The Newberry Mountains in Nevada are located east of Cal-Nev-Ari and the United States Coast Guard LORAN station in the southern part of the state. The range is Nevada's southernmost named mountain range, and lies to the northwest of the town of Laughlin and west of Lake Mohave. The Newberry Mountains connect with the Eldorado Mountains and The Highland Mountains. The highest point in the range is Spirit Mountain at 5642 ft.

Native Americans held the range to be sacred. The range includes Spirit Mountain which is a Native American Traditional Cultural Property and is listed on the National Register of Historic Places.

Ancient Native American petroglyphs abound in Grapevine Canyon, located just south of Spirit Mountain in the Newberry Mountain range. Located within the Lake Mead National Recreation Area just west of the 67-mile-long Lake Mohave, Grapevine Canyon offers visitors the opportunity to see numerous abstract, anthropomorphic, and animal depictions pecked directly into the basalt rock near the mount of the canyon. A parking area with restrooms is provided and a about a half-mile walk through desert scrub is required to see the petroglyphs. Ranger-guided hikes are offered by National Park Service staff based at Katherine Landing, located on the east side of Lake Mohave 2 miles north of Bullhead City, Arizona, and accessed via Arizona Highway 95 and Highway 68.

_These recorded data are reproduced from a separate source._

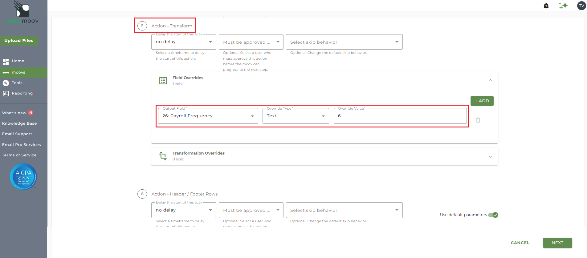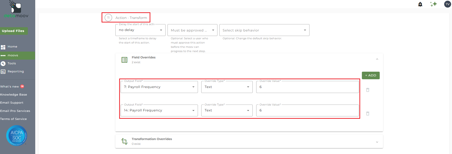 To add a field override for the Payroll Frequency field, locate step 5: Action - Transform and click the Field Overrides panel. Then click the Add button and select '26: Payroll Frequency' from the Output field dropdown menu.
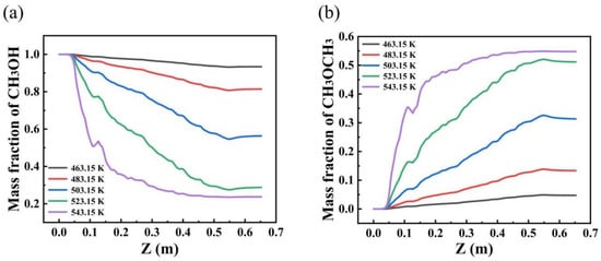 Axial mass fraction distribution of methanol and dimethyl ether at different feed temperatures. ((a) mass fraction of CH3OH; (b) mass fraction of CH3OCH3).
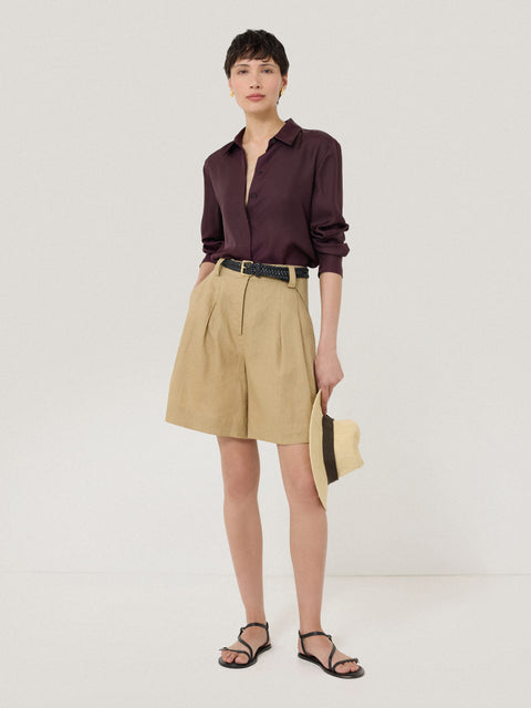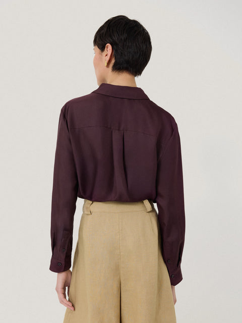 A beautiful silk twill brings lustre and elegance to this button-down shirt, perfect for a laidback evening look. Designed in a rich and deep shade of oxblood, it works beautifully with a fluid, wide leg trouser.

The area is in the homeland of the Yuman people. Yuman and Mojave people believe all life began on this mountain, which is visible for miles from Bullhead City in Arizona, Needles in California, and Laughlin, Cal-Nev-Ari, and Searchlight in Nevada. Descendants of the first Native Americans to reside in the area still live on the Fort Mojave Indian Reservation, located about 20 miles south of the Spirit Mountains Wilderness.